= Khaled Louma =

Algerian musician (1954 or 1955 – 2025)

Khaled Louma (1954 or 1955 – 24 August 2025) was an Algerian musician and radio presenter. A pioneer of Algerian rock, he founded the country’s first rock band, T34, and later became a leading figure on Channel 3 of Algerian French-language radio, where he hosted and produced music programs for four decades.

== Career ==

=== Music ===
Louma began his musical career in amateur groups. He founded the rock band T34 in the 1970s while attending university. The group initially played covers of English rock songs before developing original material and rising to prominence in the 1980s. Its best-known tracks include "Boualem El Far", considered an anthem for Algerian youth, as well as "Jamais doukh" ("You Will Never Be Surprised") and "Ma dir walou" ("You Won't Do Anything").

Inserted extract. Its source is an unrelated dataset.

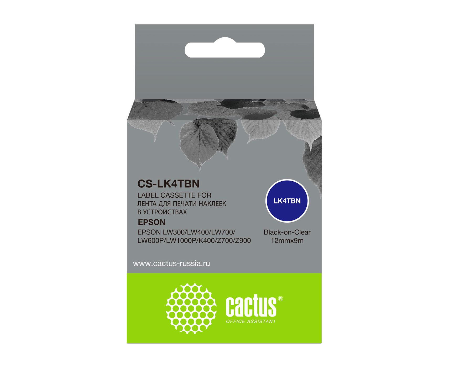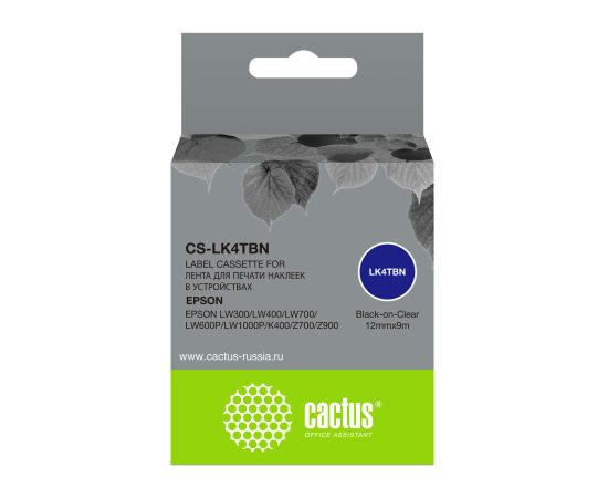 Картридж ленточный Cactus CS-LK4TBN черный для Epson LW300/LW400/LW700/LW600P/LW1000P/K400/Z700/Z900

T34's sound combined Western rock elements with traditional Algerian rhythms, described by commentators as bridging chaabi and English rock. Louma’s musical approach was noted for its eclecticism, spanning rock, jazz, disco, funk, and Andalusian folk. He also founded another group, Les Icosiums.

T34 disbanded in the 1990s amid the Algerian Civil War. Louma continued making music, including a double album with T34 guitarist Mourad Rahali featuring re-recorded hits and new tracks.

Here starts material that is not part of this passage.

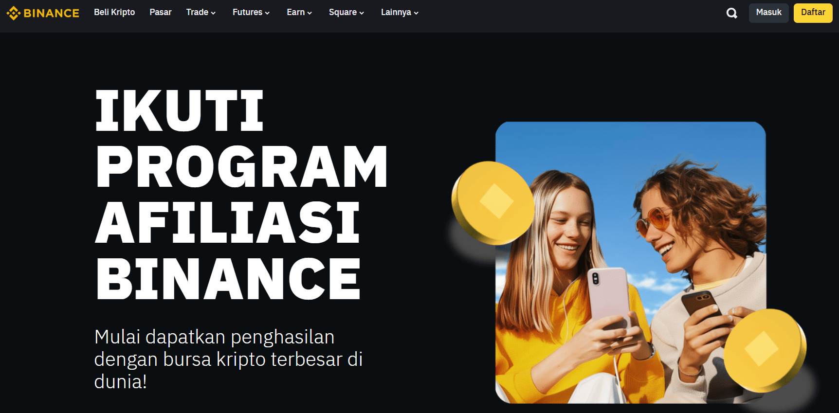 Sebagai bursa kripto terbesar di dunia, Binance menawarkan program affiliate marketing crypto dengan komisi hingga 50% dari biaya trading referral. Ini menjadikannya salah satu program akademi crypto affiliate dengan potensi pendapatan tertinggi di industri kripto.

In interviews, Rahali described Louma as reserved offstage but highly charismatic during performances, stating:

The audience's reaction was incredible. And Khaled was truly a beast on stage. That was his world. […] Off stage, Khaled didn’t talk much. He listened a lot but felt uncomfortable in group debates. Yet on stage, he set the place on fire. His charisma was incredible, and the audience felt it.

After a fifteen-year hiatus, Louma released the album An Algerian Dream, which featured English lyrics and combined elements of blues, jazz, and Maghrebi music.

=== Radio ===
After T34's dissolution, Louma pursued a career in broadcasting. From the 1990s onward, he hosted and produced music programs on Channel 3 of Algerian French-language radio, including Contact and Black Rock. He remained active in this role for four decades. Minister of Culture and Arts Zouhir Ballalou described him as "one of the key personalities of Channel 3 of national radio," noting his contributions to promoting cultural and artistic appreciation among listeners. Writer Arezki Metref noted that Louma brought a distinctive tone and deep musical knowledge to Channel 3 in the 1980s and 1990s, turning radio into "a space of freedom, discovery, and dialogue."

=== Other work ===
In 2019, Louma starred in the short film Winna, directed by the artist and painter Arezki Larbi.

== Personal life and death ==
Louma was born in Hadjout, where he completed his education. He was married to former Channel 3 journalist Naima Tazir, with whom he had a daughter.

Louma died on 24 August 2025, at the age of 70. The Presidency of Algeria, along with the Ministries of Culture and Communication, issued official condolences following his death.